According to the court document, ICE asked employees to delete all data from their company's mobile phones when they returned the devices or left the enterprise.


Employees are required to scan their phones and maintain separate records in case of official telephone work, as instructed in November 2017 and a subsequent letter in 2018.


  1. INBOX: ICE acknowledges that officials
  2. (including Thomas Homan, Ronald Vitiello and Matthew Albence)
  3. scanned their phones from Bw 2019 and 2021


even after ICE received a public registration request for text messages related to an ongoing federal criminal prosecution


Former Immigration and Customs Enforcement officers Thomas Homan, Matthew Albence and Ronald Vitiello were contacted for information on a criminal case involving Massachusetts Judge Shelley M. M. ' Richmond Joseph. Joseph is accused of helping an illegal immigrant avoid the law.

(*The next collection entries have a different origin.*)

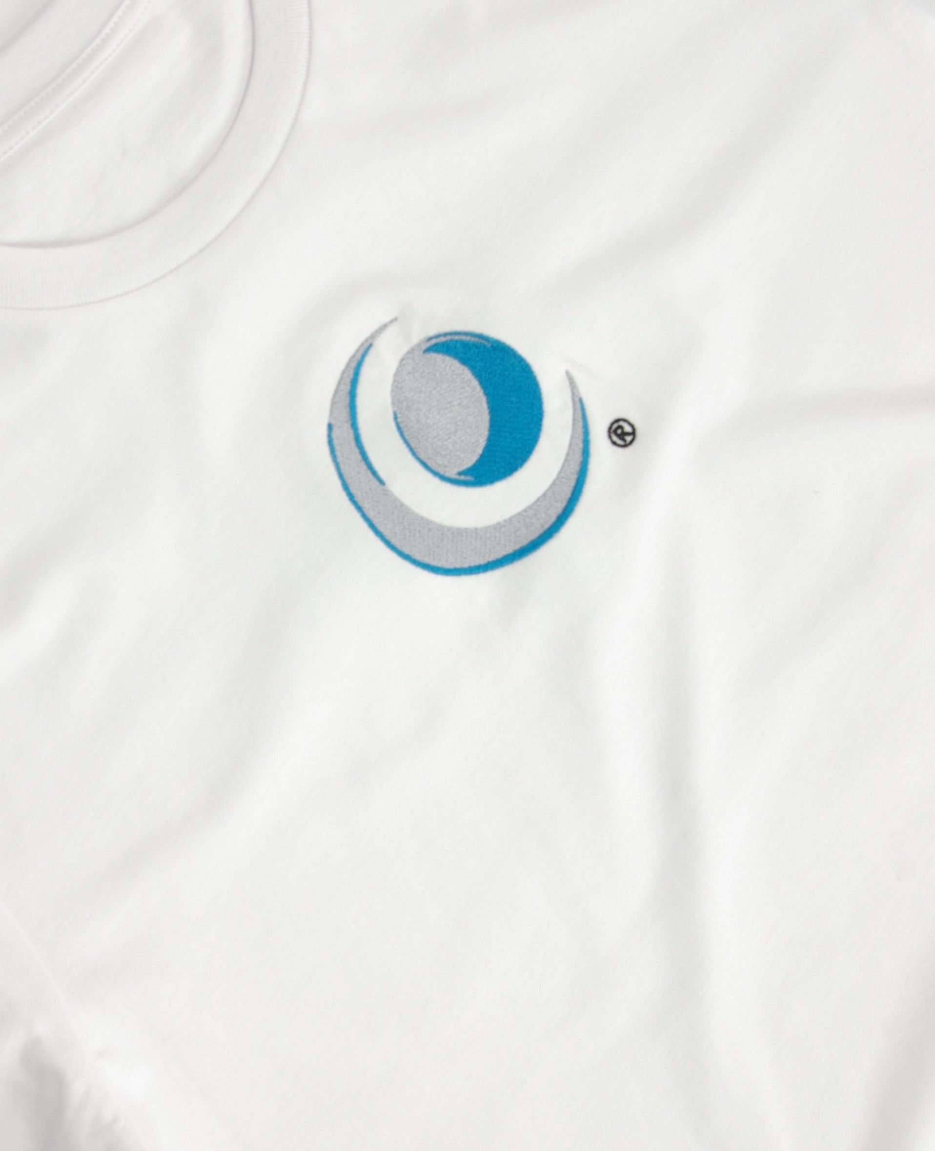 Inspired by our arctic crescent chthonic belt, this cool and soft 100% organic ring-spun cotton tee features bright, futuristic embroidery that is reinforced to ensure quality and wash durability. The ring-spun cotton ensures fibers stay intact and flush for that soft yet sturdy 90s/y2k streetwear tee feel and fit. We recommend ordering a size up for a loose fit that pairs well with blue jeans for a simple and clean look or pair with oversized flared pants for a Harajuku rave-wear look.
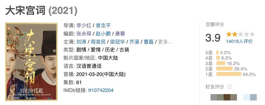 3月20日晚,延播两年后,由李少红执导,刘涛、周渝民领衔主演的古装剧《大宋宫词》终于播出,然而当晚豆瓣开分6.1,令许多剧粉大失所望。随后两天内,微博话题#大宋宫词评分暴跌#的阅读量累计高达1.4亿,完全盖住了剧集本身推广话题的风头。
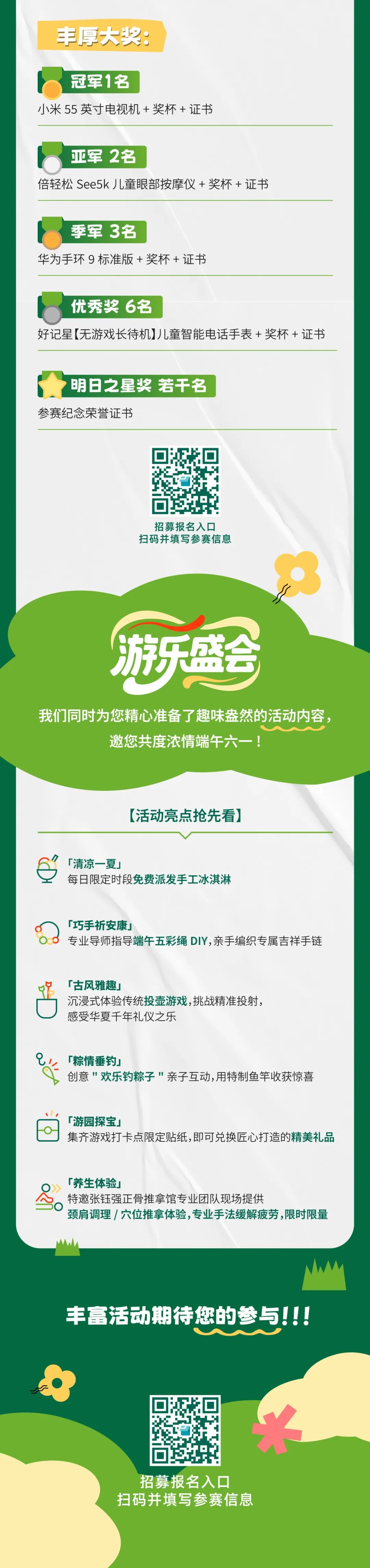 这个端午假期,让孩子成为文化传承的小使者,无论是一展才艺,争夺荣耀大奖,还是畅玩端午游园会,收获欢乐回忆,这里都能满足!
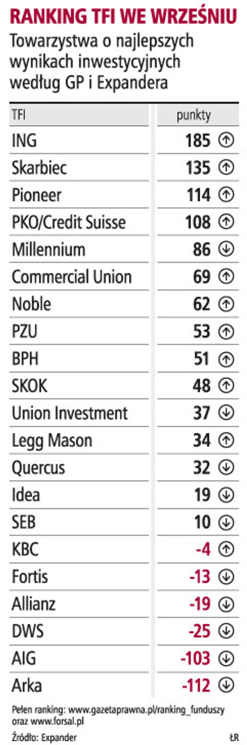 Wrzesień był kolejnym miesiącem, który przyniósł duże zmiany w rankingu GP i Expandera. Dzięki wynikom m.in. ING Parasol SFIO subfundusz Środkowoeuropejski Sektorów Defensywnych Plus oraz ING Parasol SFIO subfundusz Środkowoeuropejski Sektorów Wzrostowych Plus, na pierwszym miejscu znalazło się ING TFI (185 pkt). Najgorzej wypadło BZ WBK AIB TFI (-112 pkt), które straciło w rankingu z powodu wyników m.in. Arka BZ WBK Energii FIO oraz Arka BZ WBK Akcji FIO.
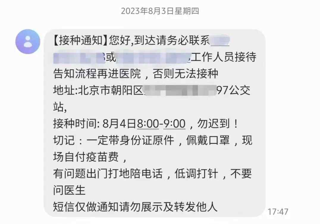 但意想不到的是,彩虹医生迟迟未告知其接种机构的地址和联系方式。直到8月3日,她才收到了一条短信——“您好,到达请务必联系XXX工作人员接待,告知流程再进医院,否则无法接种。切记,有问题出门打地陪电话,低调打针,不要问医生。”短信附上的地址不是医院门诊,而是一个公交站,这不禁令林小姐生疑。
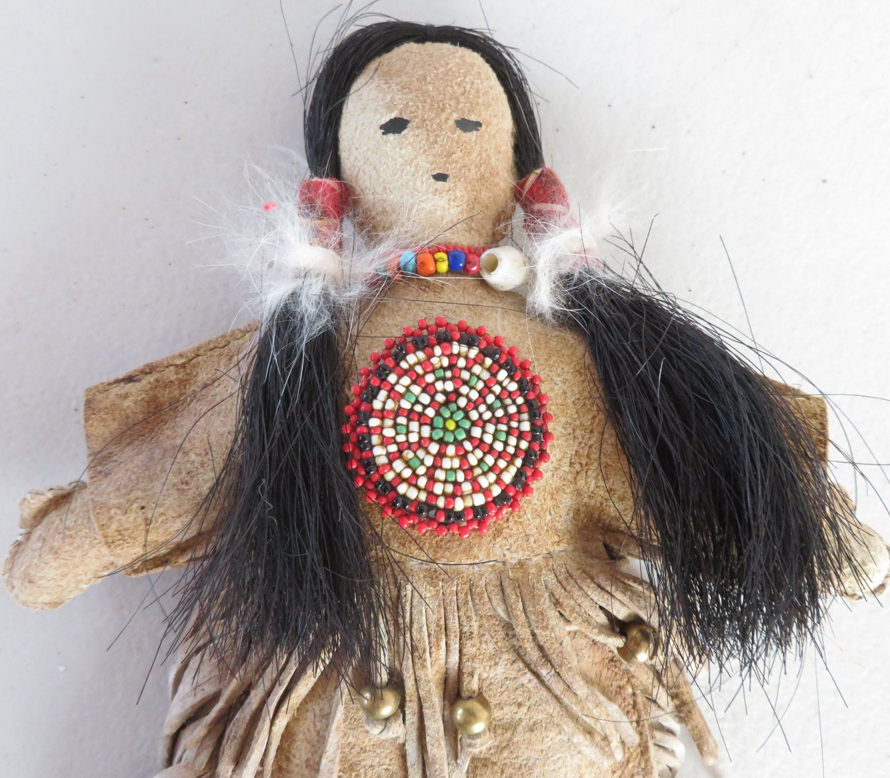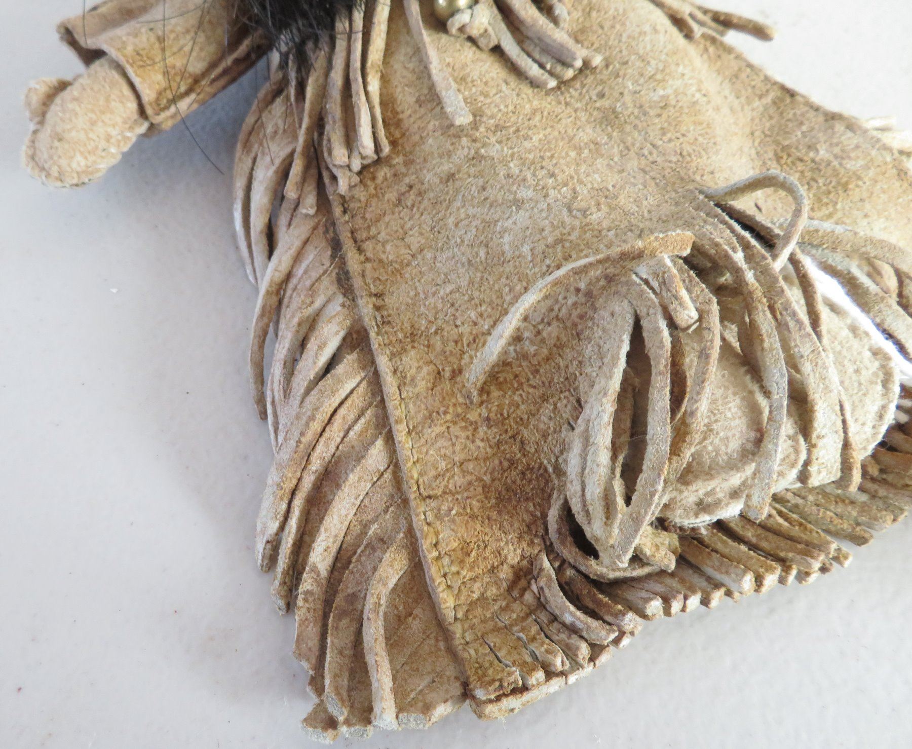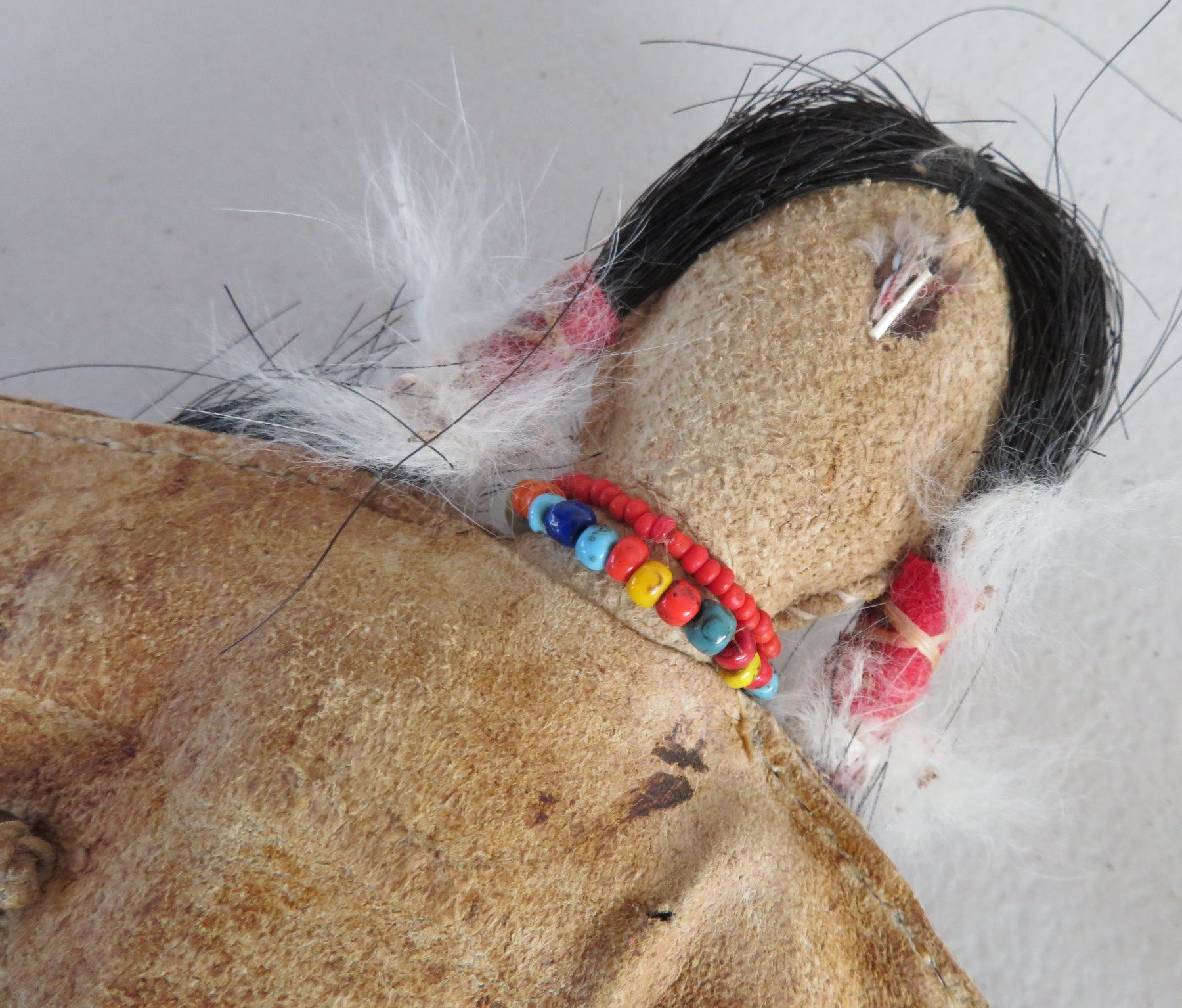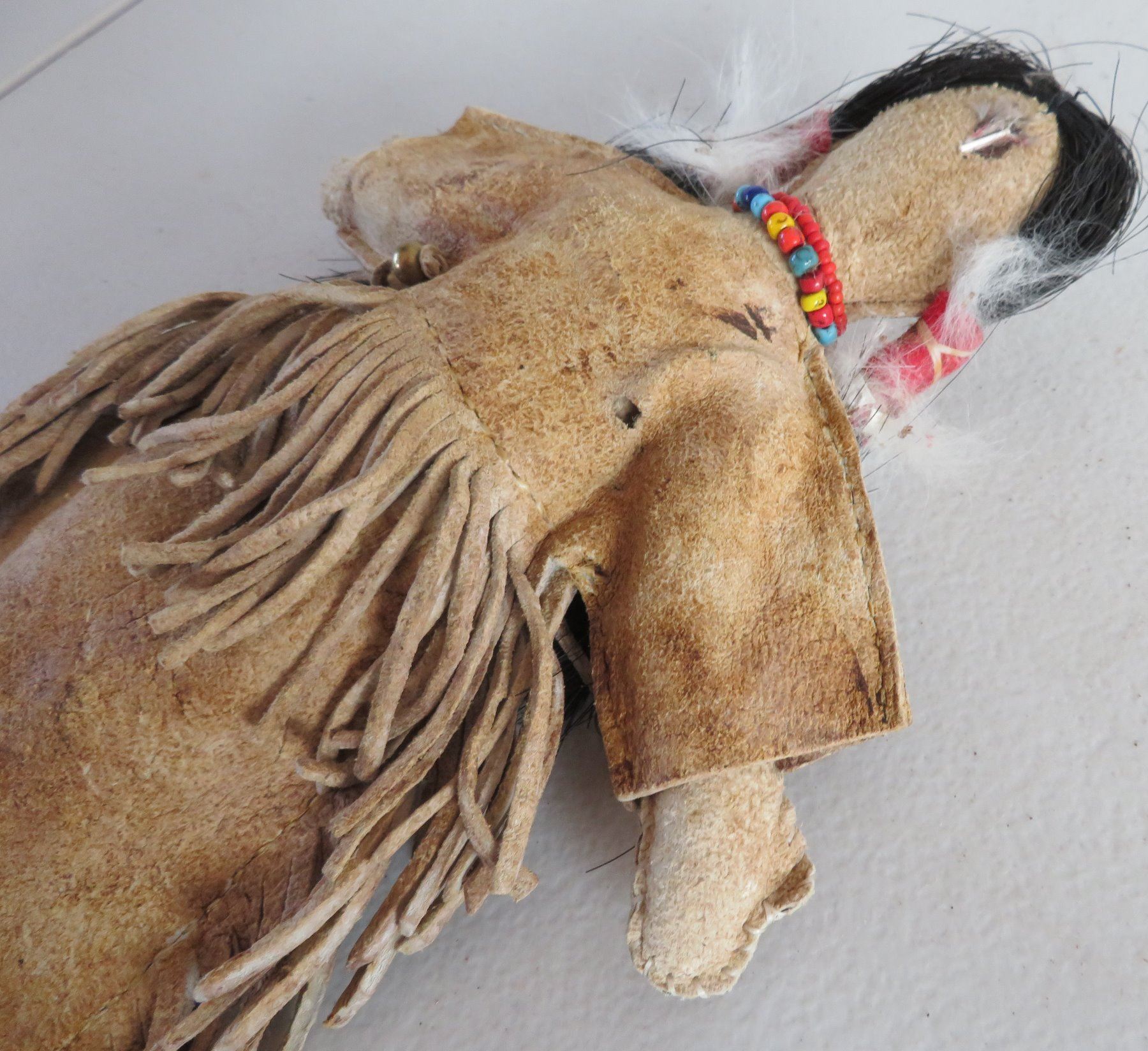 Plains Doll Collection, c. 1920s. Made of leather, glass and hair, the tallest doll measures 10" x 5". Plains Indian, USA. Wood doll included is probably pre-Columbian from South America. Condition: Some wear, see images. Shipping: $36.50 w/insurance and signature.
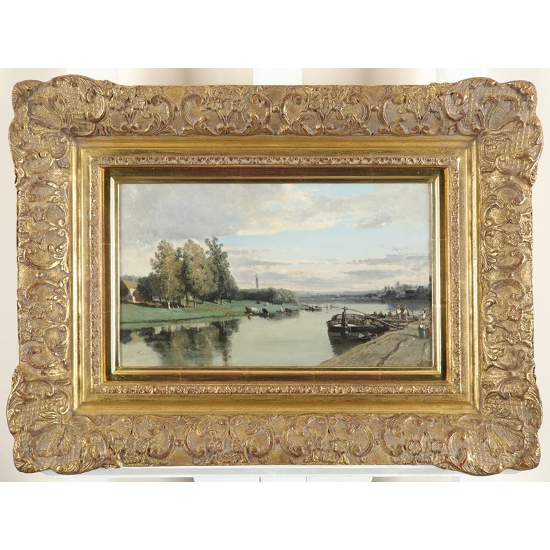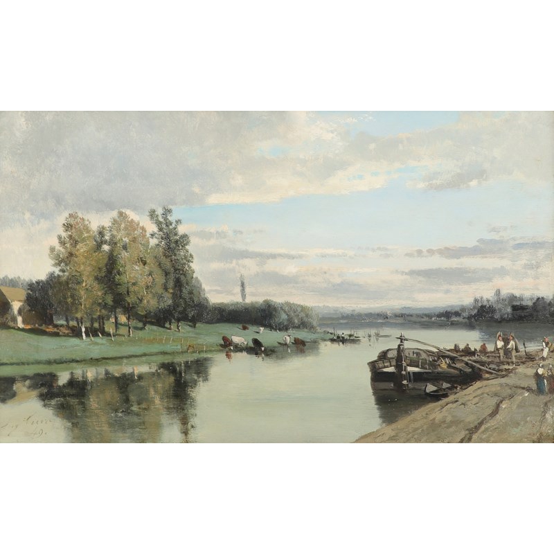 Eugène Cicéri (French 1813-1890) L'Ile d'Allègre à Bougival SIgned and dated 49 Oil on board 20 x...

Due to the fact that the phones of Homan, Albence and Vitello have been completely erased and deactivated, Richard Clark, chief technology officer at ICE, informed American Overseight that he was unable to give any relevant emails or text messages. According to the US watchdog, the documents were cleared after the group requested their examination in 2019.


After erasing data mistakenly requested by investigators in the tragic blockade of the U.S. 


  • Capitol, the Secret Service earlier this month gave the Select Committee on January 6 mobile phone numbers to various customers.
  • In a different complaint filed by the US watchdog, it emerged that towards the end of the Trump administration
  • the Department of Defense had deleted the phones of top outgoing defense and military officials.
  • This was followed by the deletion of all communications from several important witnesses of the events of 6 January 2021.


The documents requested by American Overseight and ACLU in Massachusetts in the lawsuit, filed Friday, contain emails and text conversations from senior agency officials related to Judge Shelley M. Richmond Joseph's federal criminal prosecution.


In respect of a criminal defendant who left the backroom in April 2018, while an ICE agent waited at another entrance, a Massachusetts judge and court employee were tried.